Problem to work on: From the data below, set down exactly the lines between the one holding "Creëer je eigen" and the one holding "WO2012032067A1 6 Sep", inclusive, and no others.

Record extracts:
____

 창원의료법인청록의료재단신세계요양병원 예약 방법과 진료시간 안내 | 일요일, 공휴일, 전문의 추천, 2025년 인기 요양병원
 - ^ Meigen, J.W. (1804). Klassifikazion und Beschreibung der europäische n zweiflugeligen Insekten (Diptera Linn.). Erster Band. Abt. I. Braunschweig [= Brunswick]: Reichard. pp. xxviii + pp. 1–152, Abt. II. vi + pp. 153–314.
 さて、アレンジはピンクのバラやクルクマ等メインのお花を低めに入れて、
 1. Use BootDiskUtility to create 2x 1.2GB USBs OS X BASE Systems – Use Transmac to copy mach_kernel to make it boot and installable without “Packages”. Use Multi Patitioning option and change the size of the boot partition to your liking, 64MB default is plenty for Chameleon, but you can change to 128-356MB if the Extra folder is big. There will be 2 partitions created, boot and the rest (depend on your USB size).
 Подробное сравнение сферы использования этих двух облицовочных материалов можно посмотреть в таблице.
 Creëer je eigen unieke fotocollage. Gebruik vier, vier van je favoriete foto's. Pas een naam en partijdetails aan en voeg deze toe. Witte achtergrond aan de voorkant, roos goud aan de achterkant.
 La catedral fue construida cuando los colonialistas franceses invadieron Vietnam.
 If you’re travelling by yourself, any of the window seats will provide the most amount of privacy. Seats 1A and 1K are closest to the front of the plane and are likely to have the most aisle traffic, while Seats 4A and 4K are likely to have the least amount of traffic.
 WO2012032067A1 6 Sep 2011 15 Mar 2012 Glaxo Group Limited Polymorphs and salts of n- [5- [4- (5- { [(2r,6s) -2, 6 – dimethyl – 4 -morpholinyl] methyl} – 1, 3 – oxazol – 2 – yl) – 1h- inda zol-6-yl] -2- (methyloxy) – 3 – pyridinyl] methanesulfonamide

____

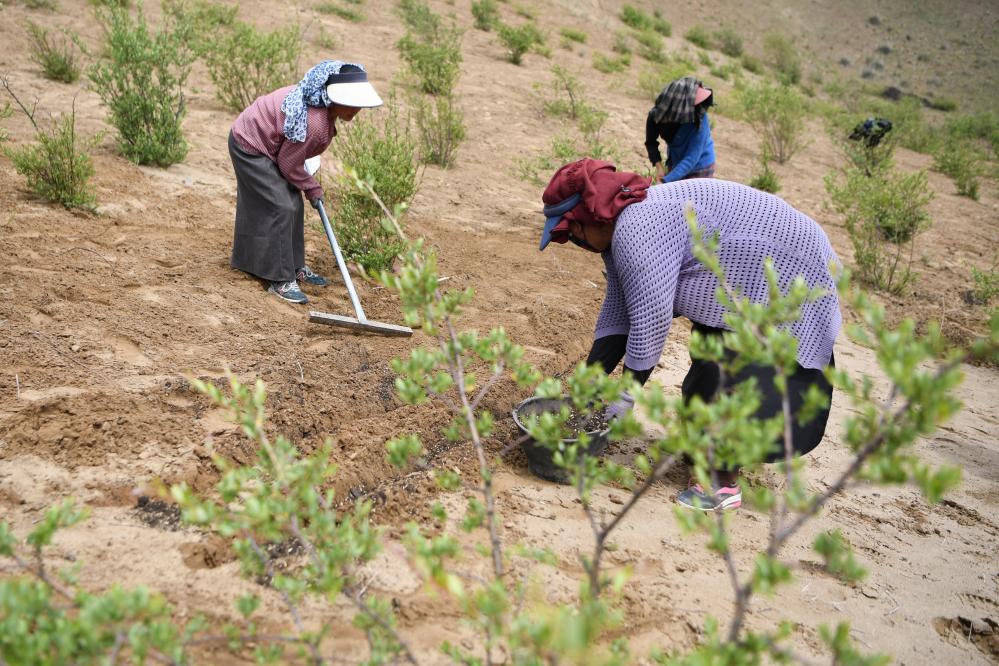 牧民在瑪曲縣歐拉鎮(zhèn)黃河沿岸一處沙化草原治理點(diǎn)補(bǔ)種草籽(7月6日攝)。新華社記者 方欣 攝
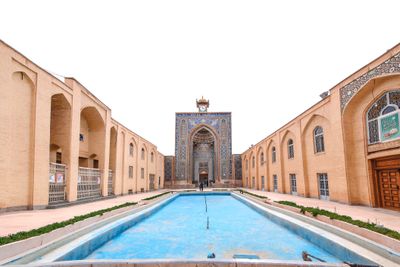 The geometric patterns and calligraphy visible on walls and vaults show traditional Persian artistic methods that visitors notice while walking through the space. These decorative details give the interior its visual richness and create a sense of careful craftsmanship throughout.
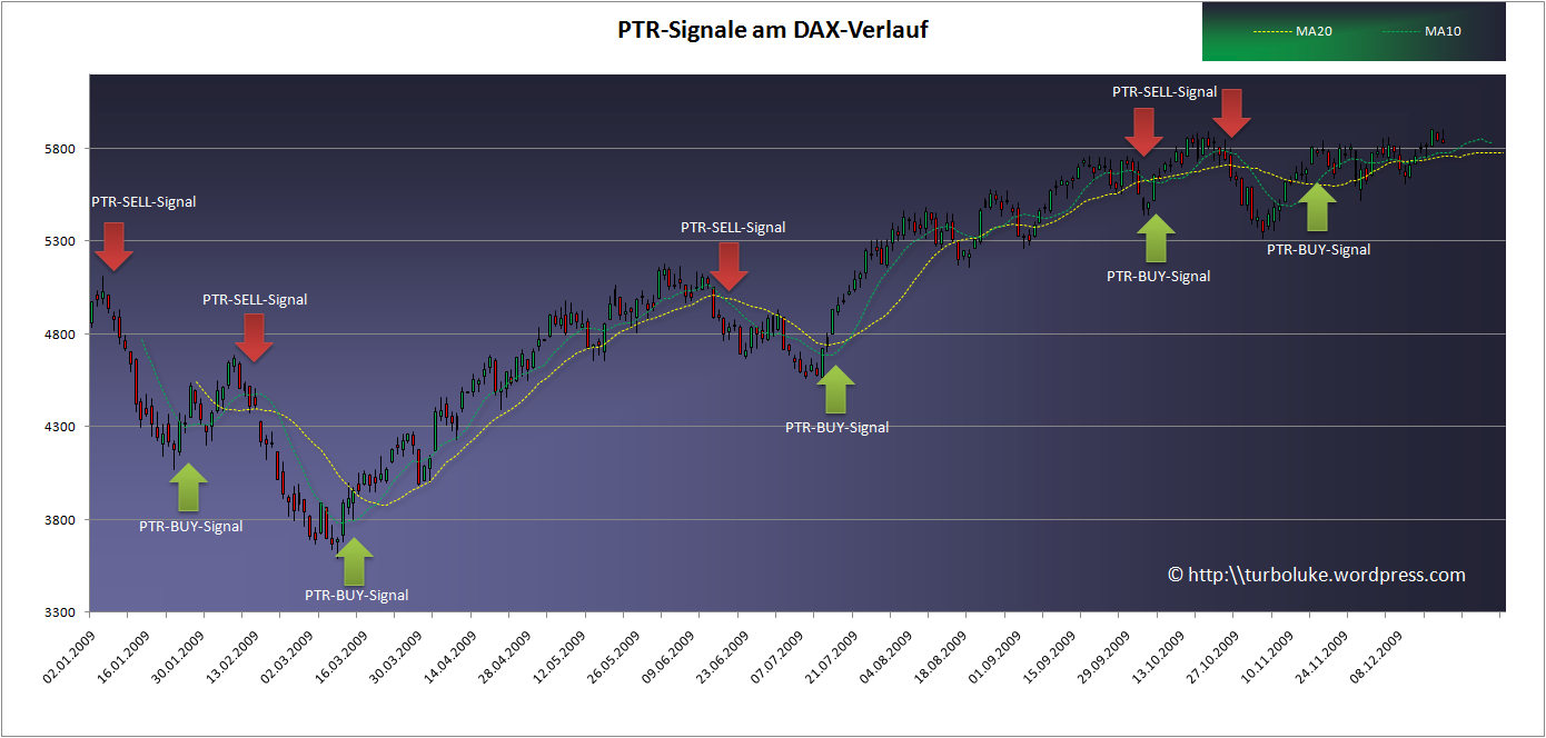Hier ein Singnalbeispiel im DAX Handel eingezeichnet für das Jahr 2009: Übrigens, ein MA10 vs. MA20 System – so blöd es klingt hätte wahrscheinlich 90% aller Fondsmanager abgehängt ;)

____

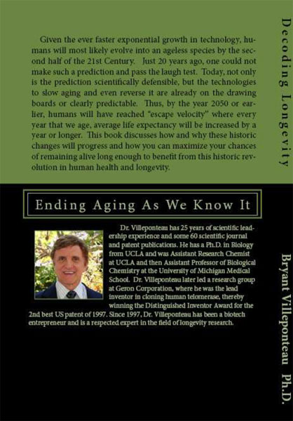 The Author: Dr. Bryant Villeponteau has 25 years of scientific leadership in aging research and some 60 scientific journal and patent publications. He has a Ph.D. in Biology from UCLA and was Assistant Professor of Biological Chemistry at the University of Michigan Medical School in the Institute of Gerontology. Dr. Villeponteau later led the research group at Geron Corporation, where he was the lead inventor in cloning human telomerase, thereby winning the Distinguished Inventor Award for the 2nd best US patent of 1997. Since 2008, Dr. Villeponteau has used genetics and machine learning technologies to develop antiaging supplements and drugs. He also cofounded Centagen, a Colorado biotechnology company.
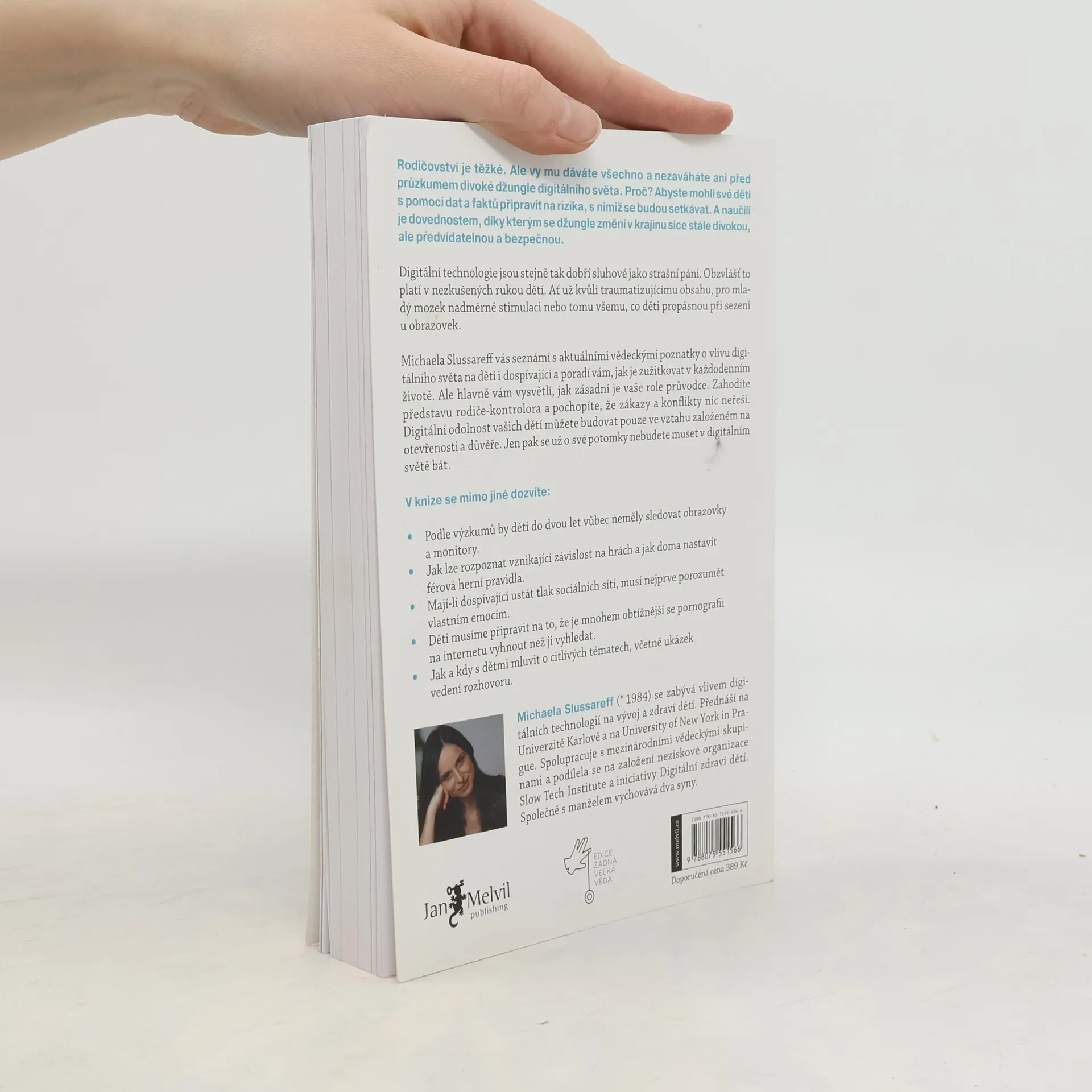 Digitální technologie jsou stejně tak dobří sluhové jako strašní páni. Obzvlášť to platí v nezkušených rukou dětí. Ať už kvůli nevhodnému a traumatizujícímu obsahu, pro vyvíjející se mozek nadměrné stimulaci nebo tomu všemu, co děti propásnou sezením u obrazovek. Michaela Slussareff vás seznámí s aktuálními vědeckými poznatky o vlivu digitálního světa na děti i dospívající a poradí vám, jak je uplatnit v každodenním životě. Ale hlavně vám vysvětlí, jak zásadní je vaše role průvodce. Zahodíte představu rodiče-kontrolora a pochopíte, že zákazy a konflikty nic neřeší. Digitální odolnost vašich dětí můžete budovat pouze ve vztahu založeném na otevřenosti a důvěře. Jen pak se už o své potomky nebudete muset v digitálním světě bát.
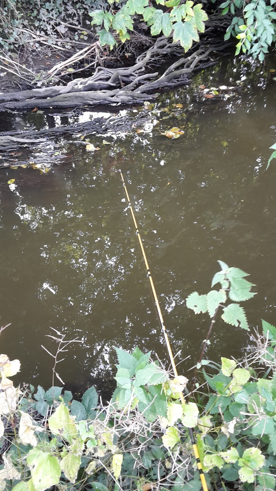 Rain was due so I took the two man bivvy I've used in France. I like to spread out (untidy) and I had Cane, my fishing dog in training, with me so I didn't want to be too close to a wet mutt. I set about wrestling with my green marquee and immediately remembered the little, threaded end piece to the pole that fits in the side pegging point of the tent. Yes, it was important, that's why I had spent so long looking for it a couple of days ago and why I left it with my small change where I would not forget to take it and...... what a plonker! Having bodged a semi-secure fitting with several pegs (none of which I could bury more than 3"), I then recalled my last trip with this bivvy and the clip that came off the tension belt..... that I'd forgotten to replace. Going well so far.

____

Output for this exercise:
 Creëer je eigen unieke fotocollage. Gebruik vier, vier van je favoriete foto's. Pas een naam en partijdetails aan en voeg deze toe. Witte achtergrond aan de voorkant, roos goud aan de achterkant.
 La catedral fue construida cuando los colonialistas franceses invadieron Vietnam.
 If you’re travelling by yourself, any of the window seats will provide the most amount of privacy. Seats 1A and 1K are closest to the front of the plane and are likely to have the most aisle traffic, while Seats 4A and 4K are likely to have the least amount of traffic.
 WO2012032067A1 6 Sep 2011 15 Mar 2012 Glaxo Group Limited Polymorphs and salts of n- [5- [4- (5- { [(2r,6s) -2, 6 – dimethyl – 4 -morpholinyl] methyl} – 1, 3 – oxazol – 2 – yl) – 1h- inda zol-6-yl] -2- (methyloxy) – 3 – pyridinyl] methanesulfonamide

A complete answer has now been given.